BIVARIATE DATA

multivariate data

Multivariate data analysis is a type of statistical analysis that involves more than two dependent variables. These variables are factors you compare to the control or unchanging component of the experiment. Multivariate analysis aims to identify patterns between multiple variables.


For example, if you want to measure the correlation between the amount of time spent on social media and an employee's productivity, you could use multivariate analysis. Each employee's productivity and social media times are variables in the analysis.

bivariate data


Bivariate Data is simply data that has two variables, a dependent and an independent variable.

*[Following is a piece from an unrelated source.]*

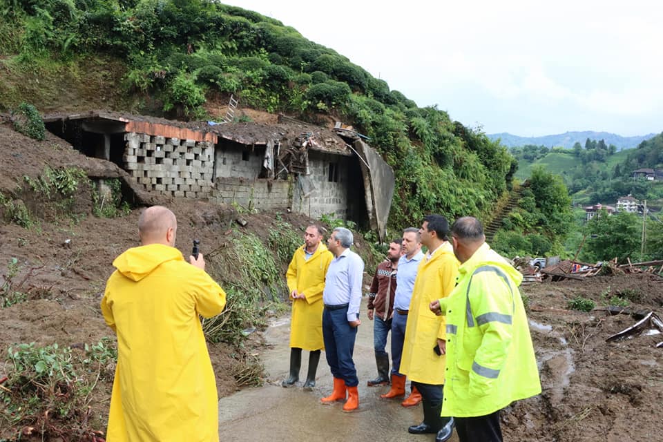 Vali Baydaş, gece geç saatte başlayan yoğun yağış sonrası heyelanların meydana geldiği Çayeli ve Güneysu ilçelerinde incelemelerde bulunarak, yetkililerden bilgi aldı.

For example, ice cream sales versus the temperature on that day. The two variables are ice cream sales (dependent) and temperature (independent).

categorical variables

Categorical variables represent types of data which may be divided into groups.


Examples of categorical variables are race, sex, age group, and educational level.

discreete variables

A discrete variable is a variable that takes on distinct, countable values. In theory, you should always be able to count the values of a discrete variable.


For example, number of red M&M’s in a candy jar, or number of votes for a particular politician.

continuous variables

Continuous variables can take on an unlimited number of values between the lowest and highest points of measurement.


For instance, consider the height of a student. The height can't take any values. It can't be negative and it can't be higher than three metres.

response variable

The response variable is the dependent variable. It is a factor whose variation is explained by the other factors.

correlation

Correlation is a statistical measure that indicates the extent to which two or more variables fluctuate in relation to each other.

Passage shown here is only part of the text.